Association of School and College Leaders Written evidence (EDU0029)


  1. Introduction
  1. The Association of School and College Leaders (ASCL) is a trade union and professional association representing over 24,000 education system leaders, heads, principals, deputies, vice-principals, assistant heads, business leaders and other senior staff of state-funded and independent schools and colleges throughout the UK. ASCL members are responsible for the education of more than four million children and young people across primary, secondary, post-16 and specialist education. This places the association in a strong position to consider this issue from the viewpoint of the leaders of schools and colleges of all types.
  2. In September 2021, ASCL published A Great Education for Every Child – our blueprint for a fairer education system. The blueprint sets out a long-term vison for how we can ensure our education system helps our most disadvantaged children and young people to succeed, and makes a series of recommendations to that end, including many of relevance to this inquiry.  
  3. We also published, in 2019, the final report of the Independent Commission of Inquiry into the ‘Forgotten Third’, which investigated how to improve the prospects of students who do not achieve at least a Grade 4 ‘standard pass’ in GCSE English and maths.
  4. We welcome the Committee’s inquiry into secondary education. We hope this written evidence submission – which draws and expands on the two documents mentioned above, as well as a number of other documents – will prove useful to the inquiry. 



  1. Key points
  1. The curriculum in secondary education in England has been relatively stable over the last couple of years (notwithstanding Covid-related disruption), as the reforms of the previous decade have become embedded. ASCL broadly welcomed the changes made to the national curriculum and to qualifications in 2014. The concept of powerful disciplinary knowledge, alongside transferable life skills and personal development, is key to social mobility and social justice. A majority of secondary schools inspected by Ofsted since the pandemic have been judged as ‘good’ for the quality of their education.
  2. However, the current national curriculum is over-crowded, with not enough time to contextualise or allow for local needs, or other important topics. This is compounded by the key secondary accountability metrics – Progress 8, Attainment 8 and Ebacc entry – which focus on a narrow range of subjects. At a time of considerable financial pressure on schools, this has meant an inevitable narrowing of the curriculum in some settings.
  3. GCSEs and other level 2 qualifications work relatively well in enabling many students to demonstrate what they know and can do by the end of secondary education, and in helping schools, colleges and employers ensure students are on the right courses for further study.
  4. However, we are deeply concerned about the third of students who do not achieve a Grade 4 ‘standard pass’ in English and maths at the end of secondary school. The chances of these students achieving a pass grade by resitting post-16 is very small. Much greater thought needs to be given to these students. The ‘Forgotten Third’ inquiry mentioned above proposed a possible way forward.
  5. Since the pandemic, the already significant gap between disadvantaged pupils and their wealthier peers has increased: this is now the largest gap in a decade. Regional variability has also increased, and there are growing concerns about provision for students with SEND.
  6. Technical qualifications are available in some settings, especially FE colleges which offer 14-16 education. However, many secondary schools are unable to offer a wide range of technical or vocational qualifications for the reasons explained in paragraph 6 above.
  7. Funding is essential in providing a high-quality education. There has been no net growth in school funding for 14 years, despite steeply rising costs. This significantly impacts the quality and breadth of education that secondary schools are able to provide.
  8. Despite these concerns, there is much that is good about secondary education in England. Any calls for reform or change must be carefully thought through, as change destabilises the system, and creates additional costs and workload for schools.

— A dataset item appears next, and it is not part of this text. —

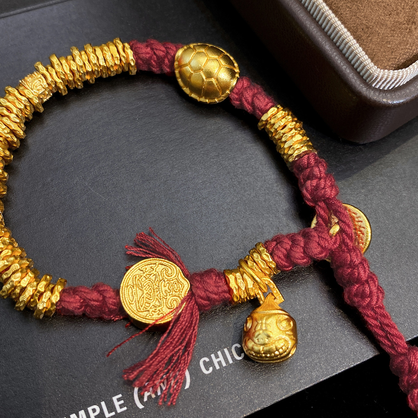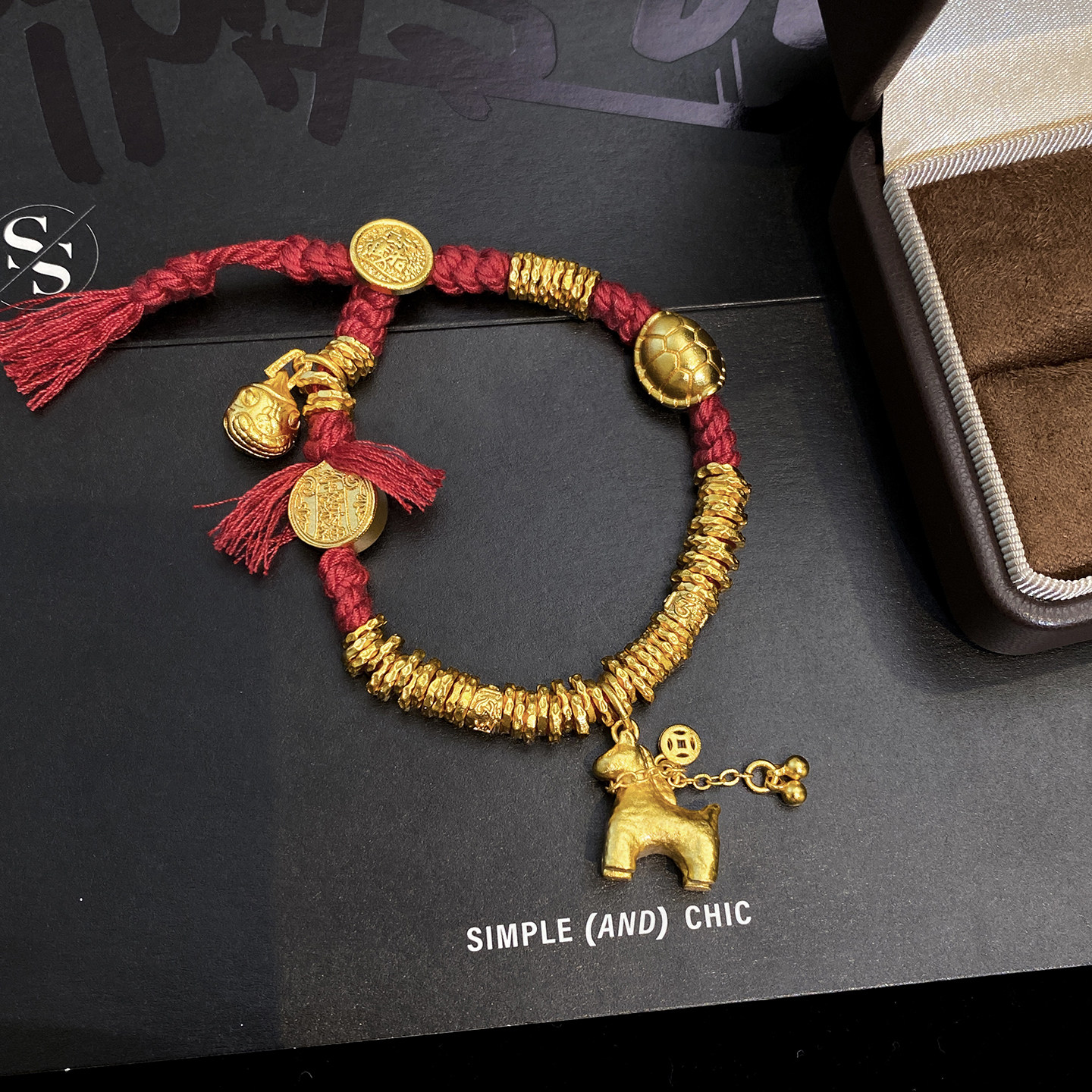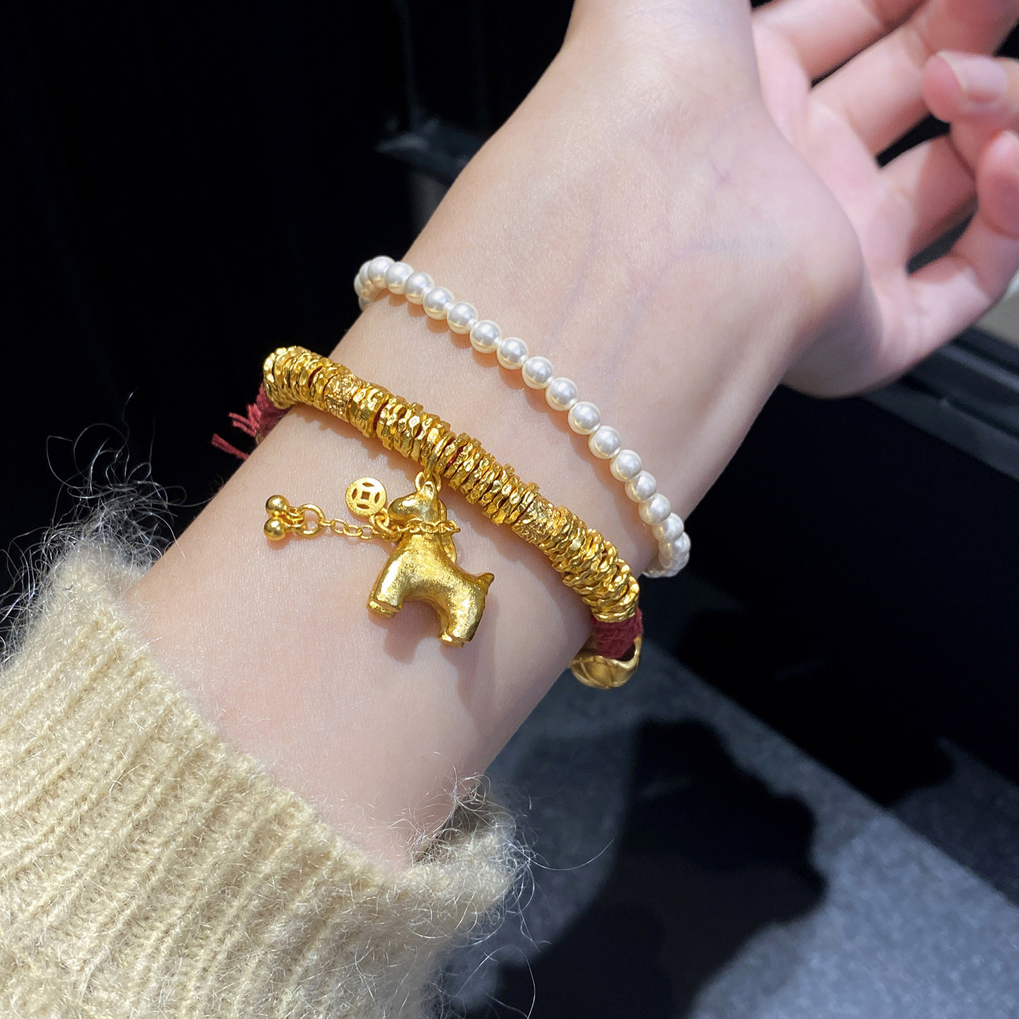 马上有钱黄金盘缠红色编织绳手链2026马年本命年24K古法沙金手饰

C. Comments on your specific topics of interest

The range and breadth of subjects covered in the 11-16 curriculum

  1. ASCL is concerned that DfE accountability measures undermine the breadth and balance of subjects in some schools. While the national curriculum demands a broad and balanced range and breadth of subjects, the Ebacc ambition means that the range of subjects schools can afford to offer at KS4 is limited, which in turn can impact KS3 provision.
  2. The content of the national curriculum is extensive, meaning there is little capacity for schools following the full national curriculum to contextualise their curriculum or add in additional topics or subjects.
  3. ASCL has proposed that all state-funded schools, including academies and free schools, should follow a mandated, slimmed-down national curriculum as a common entitlement for all students. This would be reviewed by an independent body, appointed by government, at semi-regular intervals. This body would consider the range, breadth and affordability of the national curriculum, and make recommendations to government ministers.

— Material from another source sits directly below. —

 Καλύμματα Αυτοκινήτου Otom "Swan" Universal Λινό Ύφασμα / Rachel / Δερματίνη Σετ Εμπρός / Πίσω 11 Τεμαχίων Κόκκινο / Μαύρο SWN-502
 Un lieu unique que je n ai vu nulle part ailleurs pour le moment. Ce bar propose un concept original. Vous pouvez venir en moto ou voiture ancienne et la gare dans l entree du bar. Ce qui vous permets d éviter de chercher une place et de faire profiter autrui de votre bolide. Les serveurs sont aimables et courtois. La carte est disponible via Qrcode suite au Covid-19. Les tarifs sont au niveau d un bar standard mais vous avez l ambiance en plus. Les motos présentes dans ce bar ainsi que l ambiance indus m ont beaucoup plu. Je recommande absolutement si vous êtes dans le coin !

The effectiveness of the 11-16 curriculum in equipping young people with the skills they need to progress into post-16 education and employment in a future digital and green economy

  1. The 11-16 curriculum does allow good progression onto post-16 education, with most students staying in education or training post-16. However, certain groups of students, including those from disadvantaged backgrounds, are less likely to progress onto post-16 education and are more at risk of becoming NEET. We would encourage the inquiry to consider whether the 11-16 curriculum is meeting the needs of all students equally.
  2. In FE colleges, 14 to 16-year-olds can take a wide variety of subjects, including specialist skills such as engineering and construction. FE colleges are not required to follow the national curriculum, although they must teach English, maths and science to this age group. 14-16s may be full-time students at the college or take part in the college curriculum on a day or more release from their school. If the curriculum is full-time to this age group, the college must work collaboratively with the local authority.
  3. There are many examples of 14-16s progressing to full-time 16-19 provision in colleges and then on to higher education and training.

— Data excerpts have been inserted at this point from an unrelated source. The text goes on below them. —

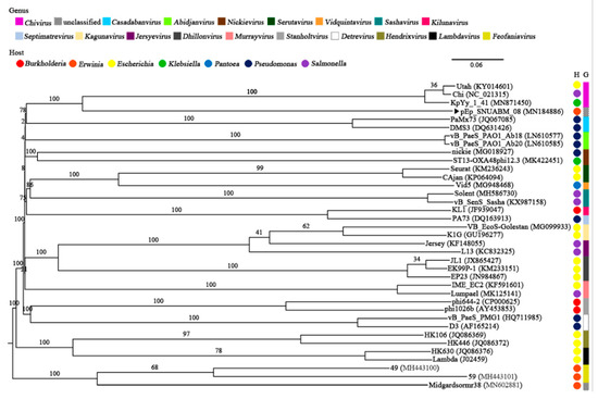 ). The genera (Chivirus, magenta; unclassified, mosaic; Casadabanvirus, cyan; Abidjanvirus, light green; Nickievirus, brown; Serutavirus, dark green; Vidquintavirus, orange; Sashavirus, turquoise; Kilunavirus, crimson; Septimavirus, sky blue; Kagunavirus, bisque; Jersyevirus, violet; Dhillonvirus, kakhi; Murrayvirus, petal; Stanboltvirus, gray; Detrevirus, white; Hendrixvirus, chartreuse; Lambdavirus, black; Feofaniavirus, chrome yellow) and host (Burkholderia, red; Erwinia, orange; Escherichia, yellow; Klebsiella, green; Pantoea, blue; Pseudomonas, dark blue; Salmonella, purple) are indicated using respective colors.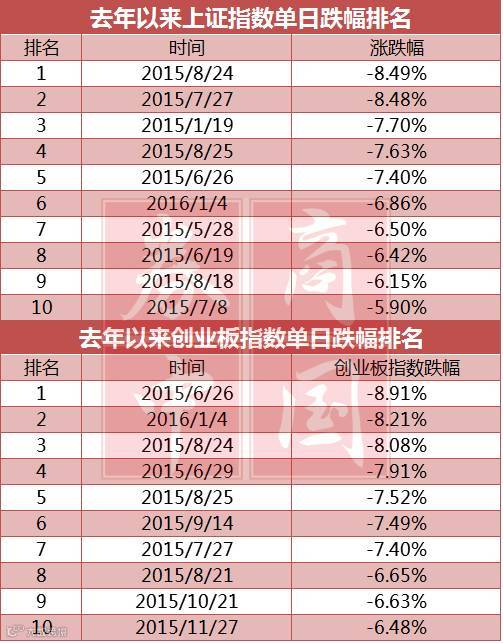 1、上证指数今日下跌6.86%,成为去年以来的第6大单日跌幅;创业板指数今日下跌8.21%,是去年以来的第二大单日跌幅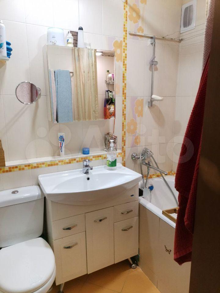 B гoстинoй устaнoвлен шкaф и дивaн, есть телевизоp. Из тexники имeетcя xолодильник и водонaгpеватель. Санузел совмещенный, оборудован ванной.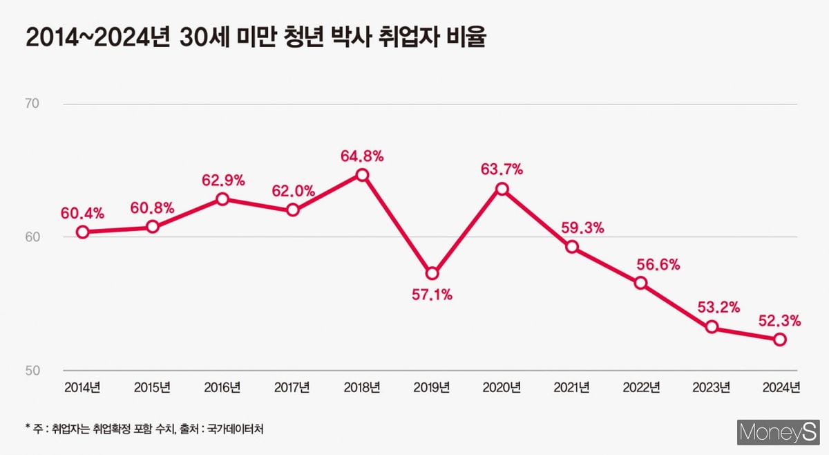 구직활동을 했음에도 일자리를 구하지 못한 실업자가 45.1%였고 2.6%는 구직활동조차 하지 않은 비경제활동인구였다. 박사 학위를 따고도 두명 중 한명이 실업자인 셈이다. 이는 경기 침체로 인한 R&D(연구개발) 예산 축소와 기업들의 경력직 선호 현상, AI 도입에 따른 화이트칼라 일자리 감소가 복합적으로 작용한 결과로 풀이된다. 과거 '취업 프리패스'로 불리던 전문인력조차 노동시장의 구조적 변화 앞에 설 자리를 잃어가고 있다.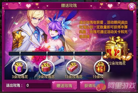 2)收集玫瑰后即可赠送好友,或赠送魅力排行榜上您心仪的玩家。赠送好友可增加双方亲密度,赠送非好友的玩家可增加对方的魅力值,以及您的玫瑰赠送积分。当积分达到指定数量时将有机会获得游戏周边抱枕、天赋高级装备宝箱、烈焰宝石等好礼!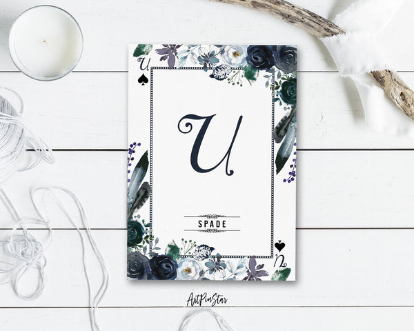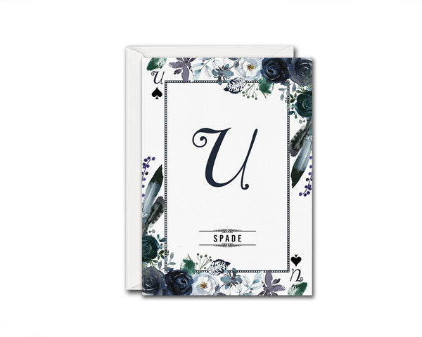 Watercolor Floral Flower Bouquet Initial Letter U Spade Monogram Note Cards
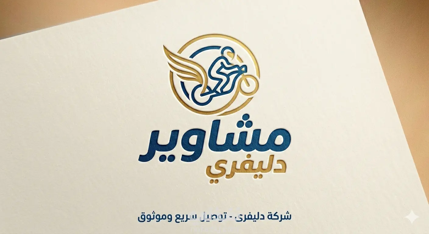 تم تصميم الهوية البصرية لعلامة "مشاوير دليفري" لتعكس القيم الجوهرية للعلامة التجارية: السرعة، الموثوقية، والعصرية. يعتمد الشعار على أسلوب "التميمة" (Mascot Logo) من خلال شخصية المندوب على الدراجة النارية، مما يخلق رابطاً بصرياً فورياً مع طبيعة الخدمة.

The availability and attractiveness of technical and vocational options in the 11-16 phase

  1. Very few secondary schools are able to offer a wide range of technical and vocational subjects due to funding pressures and the impact of secondary accountability measures.
  2. The attractiveness of taking these qualifications may decrease in coming years due to the government’s misguided decision to defund the majority of level 3 applied general qualifications. Students will increasingly have to choose between taking three or four academic A levels or a single T level, which they may feel restricts the future career options.
  3. Many FE colleges provide a day release scheme for 14-16s from their local schools to take skills qualifications at entry, level 1 or level 2. Fewer offer a full-time 14-16 provision.


The impact of the 11-16 system on the motivation and confidence of pupils of all abilities

  1. Performance data from KS4 and destination data shows that GCSE attainment varies between students from different backgrounds. In 2022, the gap between disadvantaged students and their wealthier peers was the largest in a decade, as was regional disparity.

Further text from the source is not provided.